5201 if (r == -1) return errno;
5202 if (r != len) return EIO;
5203 return 0;
5204 }
5205
5206 #define readsectors(a, s, n) rwsectors(0, (a), (s), (n))
5207 #define writesectors(a, s, n) rwsectors(1, (a), (s), (n))
5208 #define readerr(sec, err) (errno= (err), report(bootdev.name))
5209 #define writerr(sec, err) (errno= (err), report(bootdev.name))
5210 #define putch(c) putchar(c)
5211 #define unix_err(err) strerror(err)
5212
5213 void readblock(off_t blk, char *buf)

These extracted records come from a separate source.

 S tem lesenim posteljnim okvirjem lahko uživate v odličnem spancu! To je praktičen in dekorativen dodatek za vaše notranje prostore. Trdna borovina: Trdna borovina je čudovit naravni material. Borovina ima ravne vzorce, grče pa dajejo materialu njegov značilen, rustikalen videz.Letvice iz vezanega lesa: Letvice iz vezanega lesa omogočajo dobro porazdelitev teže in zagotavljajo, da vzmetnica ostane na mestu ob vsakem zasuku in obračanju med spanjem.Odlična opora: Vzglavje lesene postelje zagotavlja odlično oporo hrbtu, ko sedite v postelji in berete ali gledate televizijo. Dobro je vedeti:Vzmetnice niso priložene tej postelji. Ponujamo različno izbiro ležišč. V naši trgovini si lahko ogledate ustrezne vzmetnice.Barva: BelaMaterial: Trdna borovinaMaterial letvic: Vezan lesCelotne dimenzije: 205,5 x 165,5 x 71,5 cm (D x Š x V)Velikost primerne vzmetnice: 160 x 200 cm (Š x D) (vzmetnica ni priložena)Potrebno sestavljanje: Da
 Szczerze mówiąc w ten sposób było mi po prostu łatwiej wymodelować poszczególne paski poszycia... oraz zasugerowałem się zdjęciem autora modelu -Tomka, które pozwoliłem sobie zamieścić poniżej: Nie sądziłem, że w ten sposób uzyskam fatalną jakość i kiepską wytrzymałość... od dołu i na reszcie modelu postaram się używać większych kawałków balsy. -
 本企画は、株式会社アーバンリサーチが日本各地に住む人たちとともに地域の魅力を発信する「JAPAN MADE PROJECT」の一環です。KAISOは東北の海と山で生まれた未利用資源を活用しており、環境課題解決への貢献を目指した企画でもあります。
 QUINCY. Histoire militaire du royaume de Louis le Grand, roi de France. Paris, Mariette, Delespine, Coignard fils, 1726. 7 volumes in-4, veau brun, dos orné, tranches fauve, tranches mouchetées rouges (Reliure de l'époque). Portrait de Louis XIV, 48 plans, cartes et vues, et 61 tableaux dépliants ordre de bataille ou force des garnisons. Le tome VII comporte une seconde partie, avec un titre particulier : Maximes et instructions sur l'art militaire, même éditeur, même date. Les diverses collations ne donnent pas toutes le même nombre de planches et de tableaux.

5214 /* Read blocks for the rawfs package. */
5215 {
5216 errno= EIO;
5217 if (lseek(bootdev.device, blk * BLOCK_SIZE, SEEK_SET) == -1
5218 || read(bootdev.device, buf, BLOCK_SIZE) != BLOCK_SIZE)
5219 {
5220 fatal(bootdev.name);
5221 }
5222 }
5223
5224 int trapsig;
5225
5226 void trap(int sig)
5227 {
5228 trapsig= sig;
5229 signal(sig, trap);
5230 }
5231
5232 int escape(void)
5233 {
5234 if (trapsig == SIGINT) {
5235 trapsig= 0;
5236 return 1;
5237 }
5238 return 0;
5239 }
5240
5241 int getch(void)
5242 {
5243 char c;
5244
5245 fflush(stdout);
5246
5247 switch (read(0, &c, 1)) {
5248 case -1:
5249 if (errno != EINTR) fatal("");

5251 case 0:
5252 if (istty) putch('\n');
5253 exit(0);
5254 default:
5255 if (istty && c == termbuf.c_cc[VEOF]) {
5256 putch('\n');
5257 exit(0);
5258 }
5259 return c & 0xFF;
5260 }
5261 }
5262
5263 #define get_tick() ((u32_t) time(nil))

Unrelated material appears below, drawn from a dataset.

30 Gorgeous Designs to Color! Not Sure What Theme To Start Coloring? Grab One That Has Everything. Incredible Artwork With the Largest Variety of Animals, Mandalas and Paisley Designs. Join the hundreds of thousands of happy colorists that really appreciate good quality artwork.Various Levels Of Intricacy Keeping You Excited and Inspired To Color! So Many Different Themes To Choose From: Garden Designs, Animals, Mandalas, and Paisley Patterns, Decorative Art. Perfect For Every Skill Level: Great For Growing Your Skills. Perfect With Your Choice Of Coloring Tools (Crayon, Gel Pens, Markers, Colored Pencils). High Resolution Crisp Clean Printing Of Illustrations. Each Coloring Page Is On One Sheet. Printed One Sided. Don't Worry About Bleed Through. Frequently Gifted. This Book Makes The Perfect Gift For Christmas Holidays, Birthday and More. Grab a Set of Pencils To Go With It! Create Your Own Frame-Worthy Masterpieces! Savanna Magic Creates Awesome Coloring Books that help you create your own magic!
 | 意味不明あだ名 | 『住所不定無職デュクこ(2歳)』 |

5264 #define clear_screen() printf("[clear]");
5265 #define boot_device(device) printf("[boot %s]\n", device);
5266 #define bootminix() (run_trailer() && printf("[boot]\n"))
5267
5268 #endif /* UNIX */
5269
5270 char *readline(void)
5271 /* Read a line including a newline with echoing. */
5272 {
5273 char *line;
5274 size_t i, z;
5275 int c;
5276
5277 i= 0;
5278 z= 20;


	`void *malloc(size_t size)` allocates `size` bytes from the heap and returns a pointer to the first byte of the allocated memory. `malloc()` is declared in stdlib.h. (The heap is the region between the stack and the bss.) Space for 20 char's (20 bytes) is initially allocated. If this is used up, another 20 bytes are allocated. If the 40 bytes are used up, 40 additional bytes are allocated. Each reallocation of memory doubles the total amount of memory allocated. See lines 5298-5299.